I’m porting a serialization format to zig and want the serializer to be really fast. I’m having a hard time figuring out the best way to handle the temporary memory structures. The pattern is something like

recurse into all child nodes and serialize them, collect output as a linked list or something
write the header for this section and return that to my caller somehow (a linked list)?

Is a linked list the best way to generate the data? It’s generated out of order so I can’t just stream the output.

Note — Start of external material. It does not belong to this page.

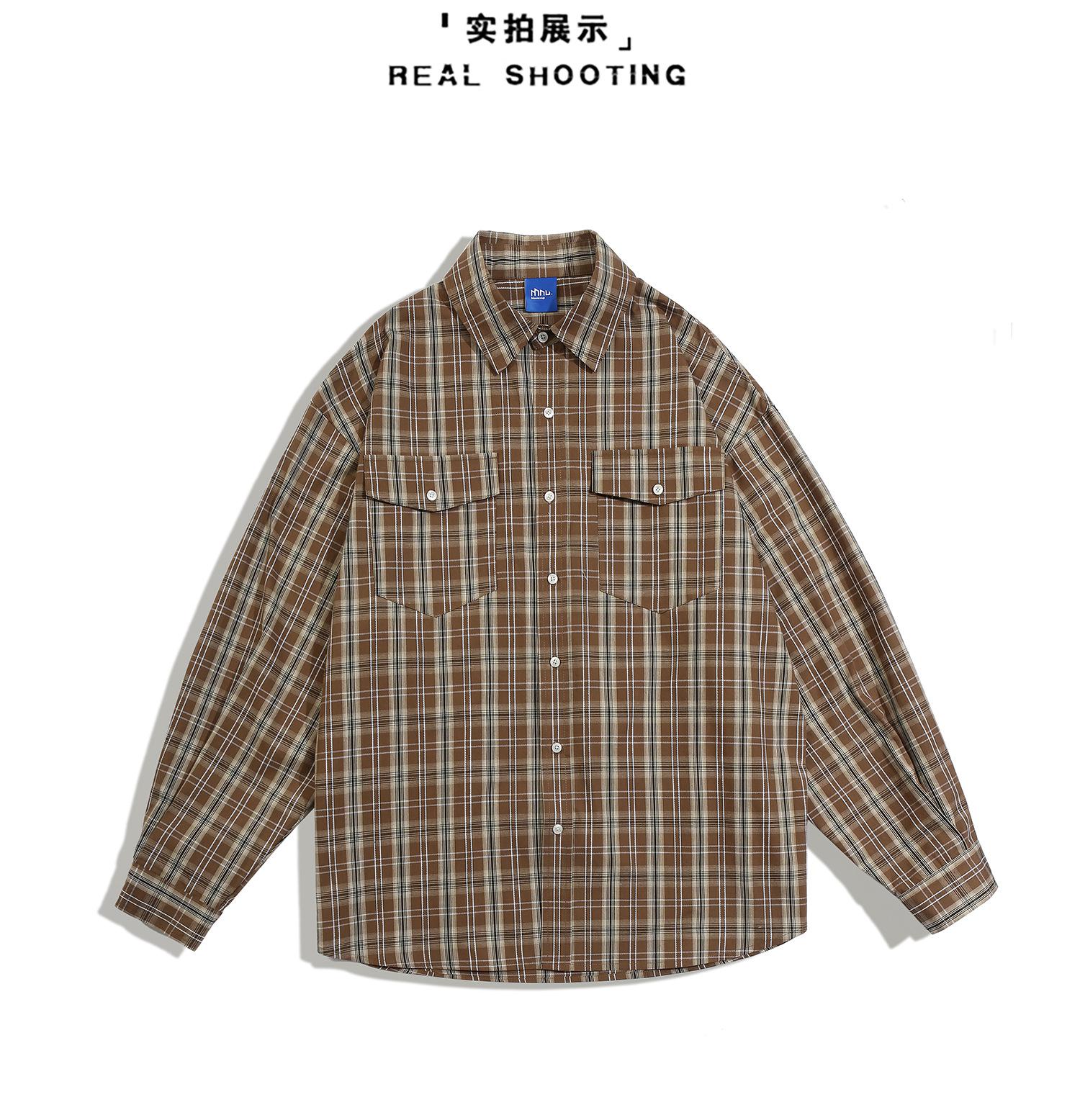 MAGMANS - Nueva camisa de manga larga estilo coreano para hombre, chaqueta informal, versátil y holgada a cuadros, C3191

But once I do have the final linked list of chunks (or some other data structure) how do I quickly emit that? I think my library will write to some stream like stdout or a file descriptor.

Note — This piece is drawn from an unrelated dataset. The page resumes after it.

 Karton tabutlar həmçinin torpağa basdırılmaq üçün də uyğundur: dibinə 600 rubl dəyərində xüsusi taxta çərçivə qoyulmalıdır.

Also if I have all this heap allocated memory and most of it will be used till the very end, I assume I want to use an arena allocator for the whole operation right? I’m don’t know how much total space I’ll need up though. Do arena allocators support this?

creationix · May 27, 2023, 7:23pm

Also I just realized that Zig doesn’t have FAM (flexible array members). Isn’t it a lot of overhead to alloc twice (for the linked-list node and again for the payload)? In C I would do something like:

struct node {
  struct node* next;
  usize_t len;
  uint8_t data[];
};

Is this possible in zig where I heap allocate various nodes with different runtime lengths?

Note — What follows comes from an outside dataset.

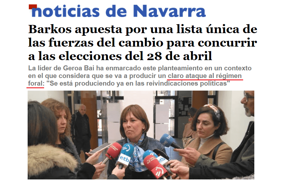La primera reacción de Uxue Barcos al anuncio del adelanto electoral fue proponer una alianza electoral entre todas las fuerzas del cambio: «Yo sí veo que la necesidad de que esa capacidad de acuerdo que ha sustanciado un Gobierno estable, sólido, que ha traído bienestar al conjunto de la ciudadanía en Navarra, se encuentre también, en la fórmula que sea, no me corresponde a mi sola establecerlo, en una representación en la misma dimensión para la defensa del autogobierno de Navarra». Las palabras de Uxue Barcos vuelven a mostrar que la presidenta es capaz de decir en cuatro líneas lo que el resto del mundo es capaz de decir en una, que su atractivo es escaso porque Podemos e IU se descolgaron de la alianza al momento y que la líder de Geroa practica un humor surrealista, porque sólo como una broma surrealista se puede entender los partidos del cambio representen la defensa del autogobierno de Navarra. Podemos defiende la autodeterminación del más pintado, pero predica en cambio la armonización fiscal de todos los países de Europa, como por cierto en el fondo el PSOE, y hasta como el PNV de muga vasca para adentro. Bildu es la formación heredera de quienes han pegado tiros en la nuca por negar que Euskadi (Euskadi Ta Askatsuna) y no Navarra es un sujeto político. Y la propia presidenta, para rematar el sketch surrealista, nunca ha negado que ante un hipotético ejercicio de la Transitoria Cuarta ella votaría que Navarra se convirtiera en una mera diputación vasca sin apenas autogobierno ni competencias. Pero resulta que ella, el aberchalato y toda su cuatripandilla representan la defensa del autogobierno y no su peor y más real amenaza.

AndrewCodeDev · June 7, 2023, 10:04pm

Have you looked at the implementation of the arena allocator in the standard library?

github.com

ziglang/zig/blob/master/lib/std/heap/arena_allocator.zig

const std = @import("../std.zig");
const assert = std.debug.assert;
const mem = std.mem;
const Allocator = std.mem.Allocator;

/// This allocator takes an existing allocator, wraps it, and provides an interface
/// where you can allocate without freeing, and then free it all together.
pub const ArenaAllocator = struct {
    child_allocator: Allocator,
    state: State,

    /// Inner state of ArenaAllocator. Can be stored rather than the entire ArenaAllocator
    /// as a memory-saving optimization.
    pub const State = struct {
        buffer_list: std.SinglyLinkedList(usize) = .{},
        end_index: usize = 0,

        pub fn promote(self: State, child_allocator: Allocator) ArenaAllocator {
            return .{
                .child_allocator = child_allocator,

This file has been truncated. show original

From the code:

    fn resize(ctx: *anyopaque, buf: []u8, log2_buf_align: u8, new_len: usize, ret_addr: usize) bool {
        const self = @ptrCast(*ArenaAllocator, @alignCast(@alignOf(ArenaAllocator), ctx));
        _ = log2_buf_align;
        _ = ret_addr;

        const cur_node = self.state.buffer_list.first orelse return false;
        const cur_buf = @ptrCast([*]u8, cur_node)[@sizeOf(BufNode)..cur_node.data];
        if (@ptrToInt(cur_buf.ptr) + self.state.end_index != @ptrToInt(buf.ptr) + buf.len) {
            // It's not the most recent allocation, so it cannot be expanded,
            // but it's fine if they want to make it smaller.
            return new_len <= buf.len;
        }

          if (buf.len >= new_len) {
              self.state.end_index -= buf.len - new_len;
              return true;
          } else if (cur_buf.len - self.state.end_index >= new_len - buf.len) {
              self.state.end_index += new_len - buf.len;
              return true;
          } else {
              return false;
        }

        const bigger_buf_size = @sizeOf(BufNode) + new_end_index;
        const log2_align = comptime std.math.log2_int(usize, @alignOf(BufNode));
        if (self.child_allocator.rawResize(cur_alloc_buf, log2_align, bigger_buf_size, @returnAddress())) {
            cur_node.data = bigger_buf_size;
        } else {
            // Allocate a new node if that's not possible
            cur_node = self.createNode(cur_buf.len, n + ptr_align) orelse return null;
        }

So it looks like it does support what your asking for (unless I have seriously misunderstood your needs… totally possible).